━━━━━ SOURCE MATERIAL ━━━━━

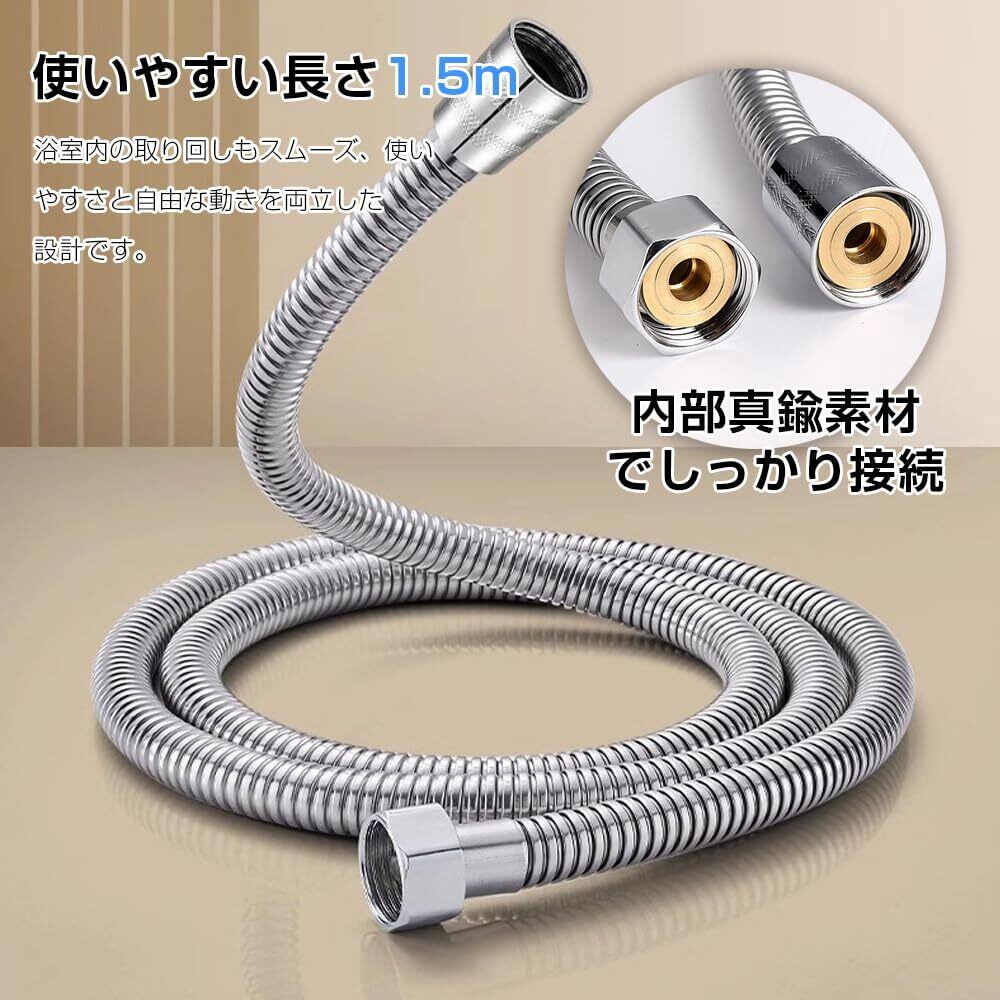 【2022最新】JetWave シャワーホース ステンレス製 1.5m 360度回転 ねじれ防止機能付き 日本規格G1/2対応 交換用 クロムメッキ仕上げ 取付簡単 クロムメッキ | allstore5
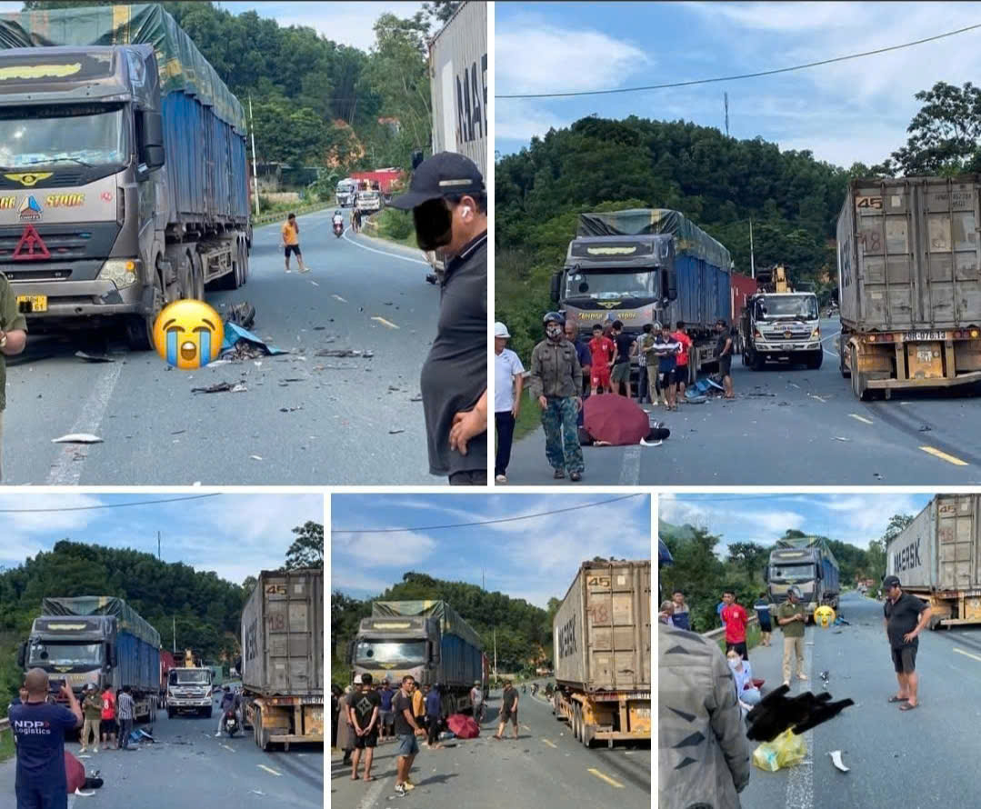 Đúng lúc này, một xe đầu kéo khác lưu thông cùng chiều phía sau lao tới, gây nên vụ tai nạn thương tâm.
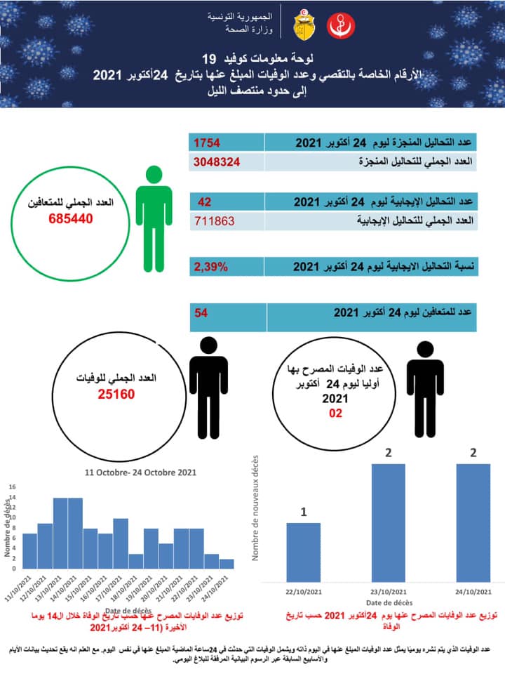 Dans un autre bilan publié le même jour, le ministère de la Santé a noté que 42 tests positifs ont été recensés, le 24 octobre, parmi 1754 tests portant, ainsi, le taux de positivité à 2.39%.
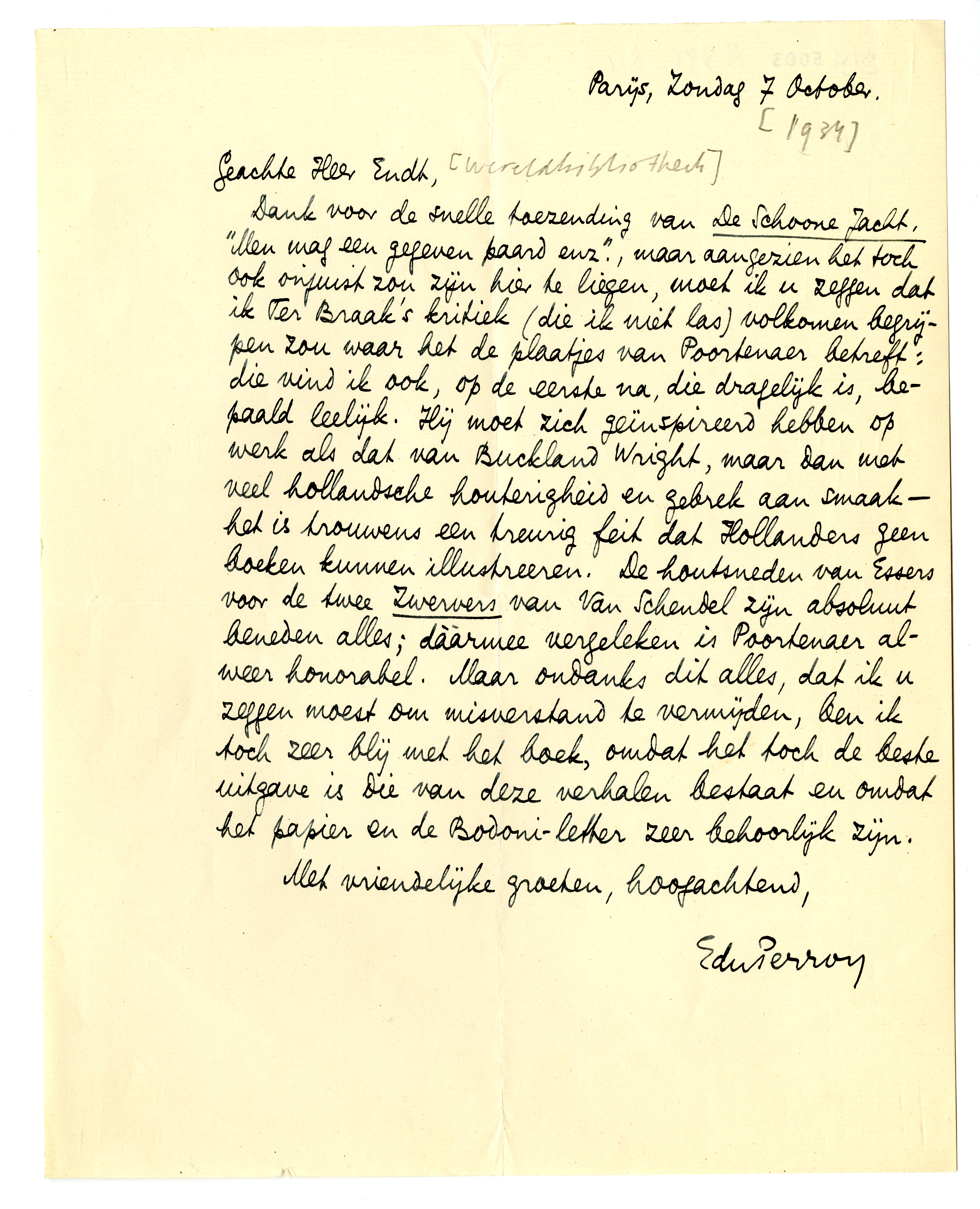 Dank voor de snelle toezending van De Schoone Jacht. ‘Men mag een gegeven paard enz.’, maar aangezien het toch ook onjuist zou zijn hier te liegen, moet ik u zeggen dat ik Ter Braak's kritiek (die ik niet las) volkomen begrijpen zou waar het de plaatjes van Poortenaer betreft: die vind ik ook, op de eerste na, die dragelijk is, bepaald leelijk. Hij moet zich geïnspireerd hebben op werk als dat van Buckland Wright, maar dan met veel hollandsche houterigheid en gebrek aan smaak - het is trouwens een treurig feit dat Hollanders geen boeken kunnen illustreeren. De houtsneden van Essers voor de twee Zwervers van Van Schendel zijn absoluut beneden alles; dààrmee vergeleken is Poortenaer alweer honorabel. Maar ondanks dit alles, dat ik u zeggen moest om misverstand te vermijden, ben ik toch zeer blij met het boek, omdat het toch de beste uitgave is die van deze verhalen bestaat en omdat het papier en de Bodoni-letter zeer behoorlijk zijn.

━━━━━

▶ EXERCISE REQUIREMENTS:
Copy the material above exactly and drop the pictures.

▶ YOUR SOLUTION:
 【2022最新】JetWave シャワーホース ステンレス製 1.5m 360度回転 ねじれ防止機能付き 日本規格G1/2対応 交換用 クロムメッキ仕上げ 取付簡単 クロムメッキ | allstore5
 Đúng lúc này, một xe đầu kéo khác lưu thông cùng chiều phía sau lao tới, gây nên vụ tai nạn thương tâm.
 Dans un autre bilan publié le même jour, le ministère de la Santé a noté que 42 tests positifs ont été recensés, le 24 octobre, parmi 1754 tests portant, ainsi, le taux de positivité à 2.39%.
 Dank voor de snelle toezending van De Schoone Jacht. ‘Men mag een gegeven paard enz.’, maar aangezien het toch ook onjuist zou zijn hier te liegen, moet ik u zeggen dat ik Ter Braak's kritiek (die ik niet las) volkomen begrijpen zou waar het de plaatjes van Poortenaer betreft: die vind ik ook, op de eerste na, die dragelijk is, bepaald leelijk. Hij moet zich geïnspireerd hebben op werk als dat van Buckland Wright, maar dan met veel hollandsche houterigheid en gebrek aan smaak - het is trouwens een treurig feit dat Hollanders geen boeken kunnen illustreeren. De houtsneden van Essers voor de twee Zwervers van Van Schendel zijn absoluut beneden alles; dààrmee vergeleken is Poortenaer alweer honorabel. Maar ondanks dit alles, dat ik u zeggen moest om misverstand te vermijden, ben ik toch zeer blij met het boek, omdat het toch de beste uitgave is die van deze verhalen bestaat en omdat het papier en de Bodoni-letter zeer behoorlijk zijn.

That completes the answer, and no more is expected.